Adam Leyland hopes The Big 30 wholesalers can rise to today's competitive challenges posed by the inexorable expansion of the major multiples into the domain of convenience retailing. However, he also reveals aspects of his own lifestyle that, in part, create those challenges (The Grocer, 27 January, p3).

More important than the ingredients of his meal - fresh tuna, rocket salad, sun-dried tomatoes, fresh-baked ciabatta, grapes and stilton - was the fact his shopping expedition to Tesco Express took place at 8.30pm on a Sunday evening. Only a generation ago we would never have dreamt of buying those items on a Sunday evening. Not because that generation lacked culinary imagination - but simply because it would have been impossible to buy those things on a Sunday night. How times change.

Have our lifestyle demands created an opportunity to which the Tescos and Marks & Spencers of this world have responded? Or is the relentless drive of the multiples affording us the opportunity to live life in the fast lane?

It is simplistic to examine the complex issue of the power of the multiples without regard for the wider social context in which they operate. There are those who loathe the power of supermarkets for what has been described as its corrosive effect on farming and our food culture.

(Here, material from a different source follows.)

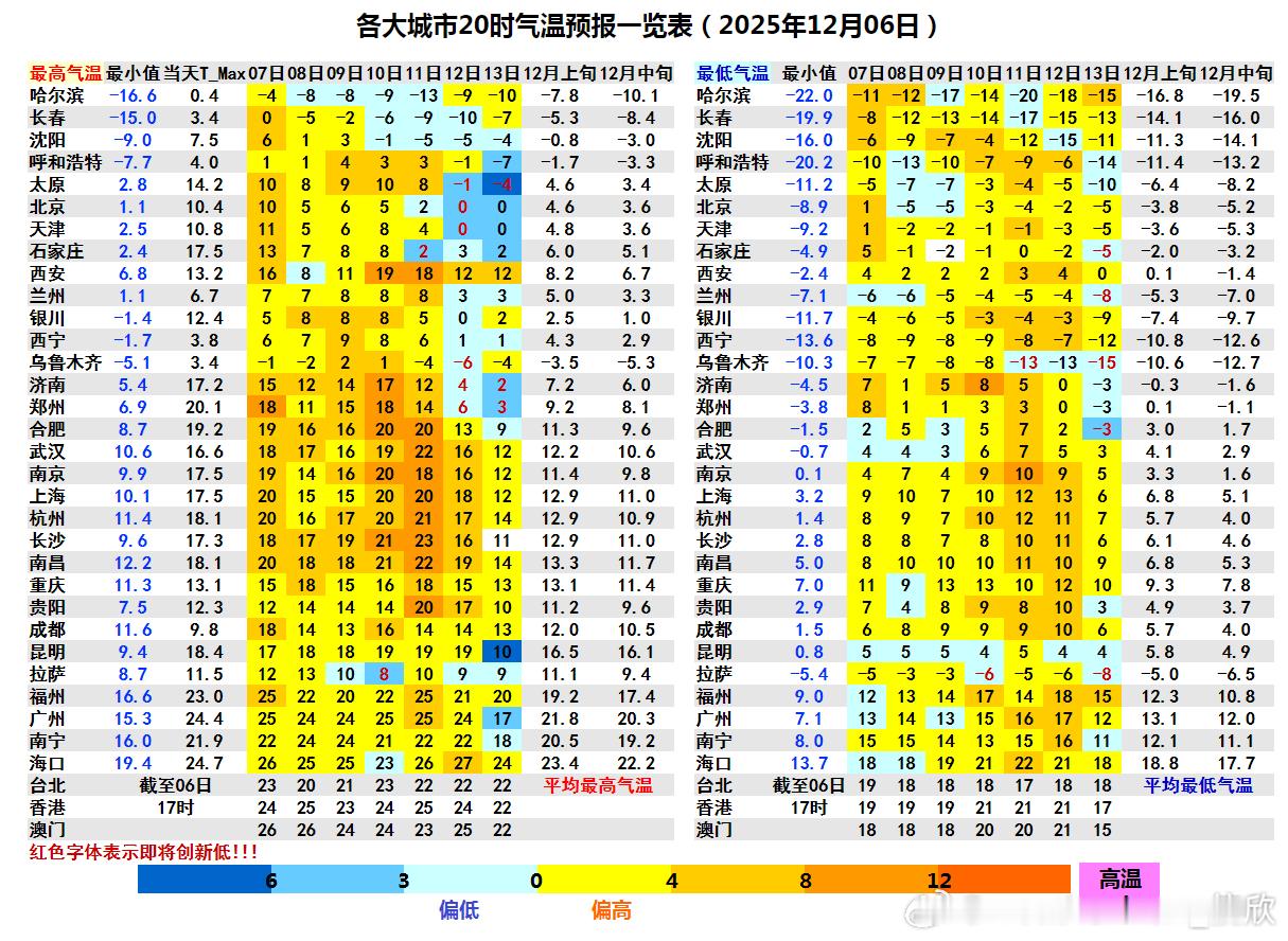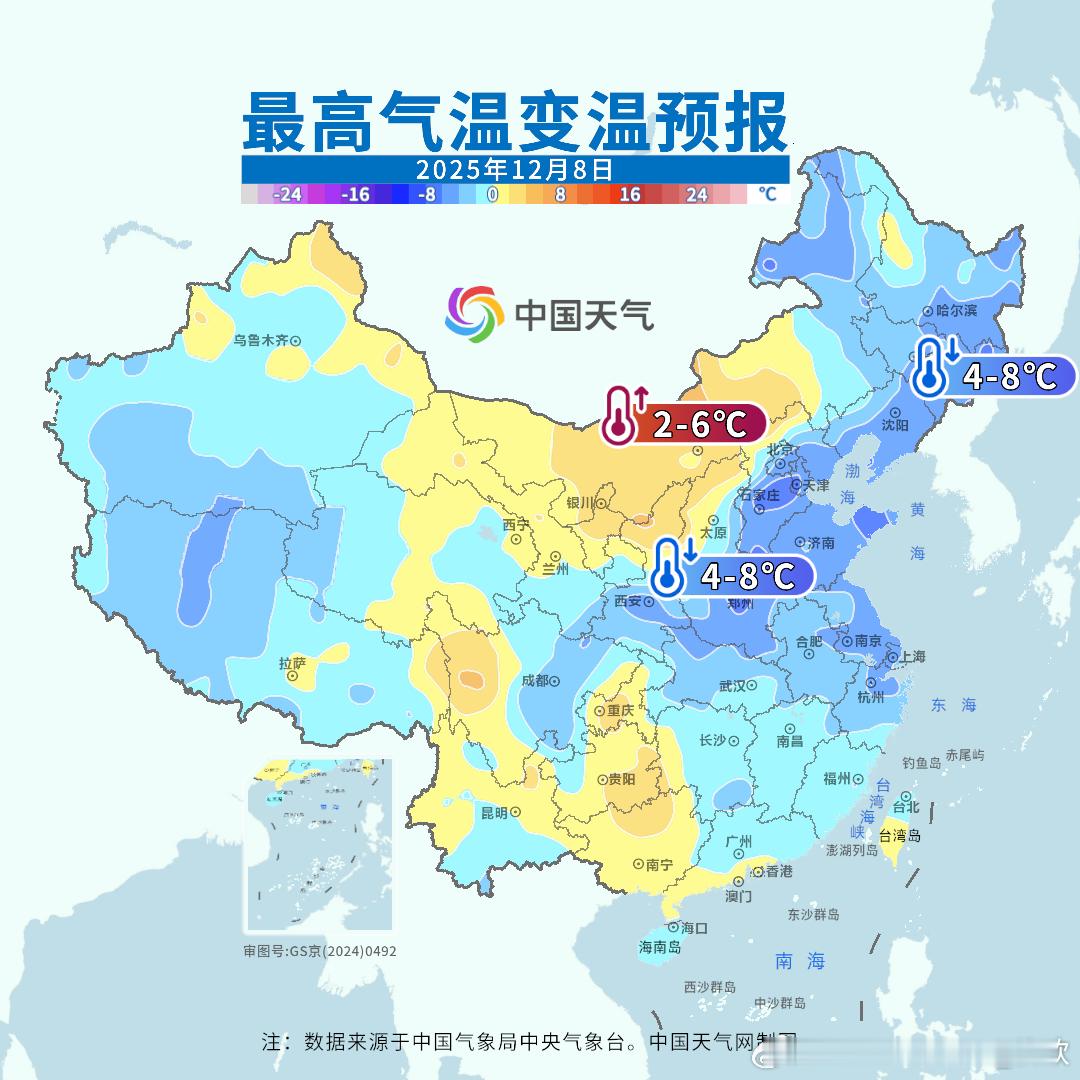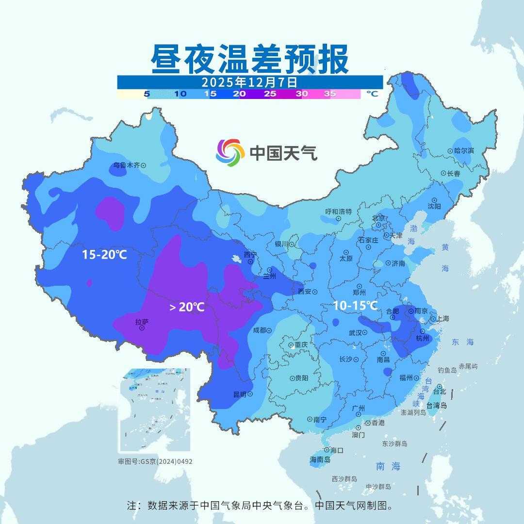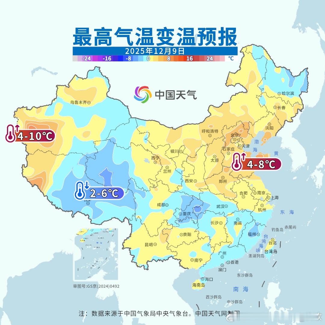 【气温波动加大】未来2天将有冷空气东移南下,导致中东部出现4-8℃降温。把近期过于偏高的气温,拉回来一些。随后气温还会上升,10-11日中东部多地气温又会大幅偏高,长江中下游多地气温偏高幅度可达8-12℃。但10日以后冷空气增强,我国多地将出现剧烈降温。10-13日期间,最高气温降幅可能超10℃的有:济南降15℃(17-2),郑州降15℃(18-3℃)、太原降14℃(10-零下4)、长沙降12℃(23-11)、合肥降11℃(20-9)。此外未来3天昼夜温差也较大,一天中也如同两个季节,比如明天南京4-19℃,一天温差15℃。

For the vast majority of consumers, however, it's simply a matter of convenience. Consumers have voted with their pound and are blinkered to any wider considerations. Leyland admits it himself when he says he walked five doors past his local corner shop to a new Tesco Express. Like countless other consumers, he went to where he got the best deal and the greatest satisfaction. It serves to confirm that on this issue, as on many others, there is a disconnect between consumer attitudes and consumer behaviour. That's the reality in which the Competition Commission must consider the issue.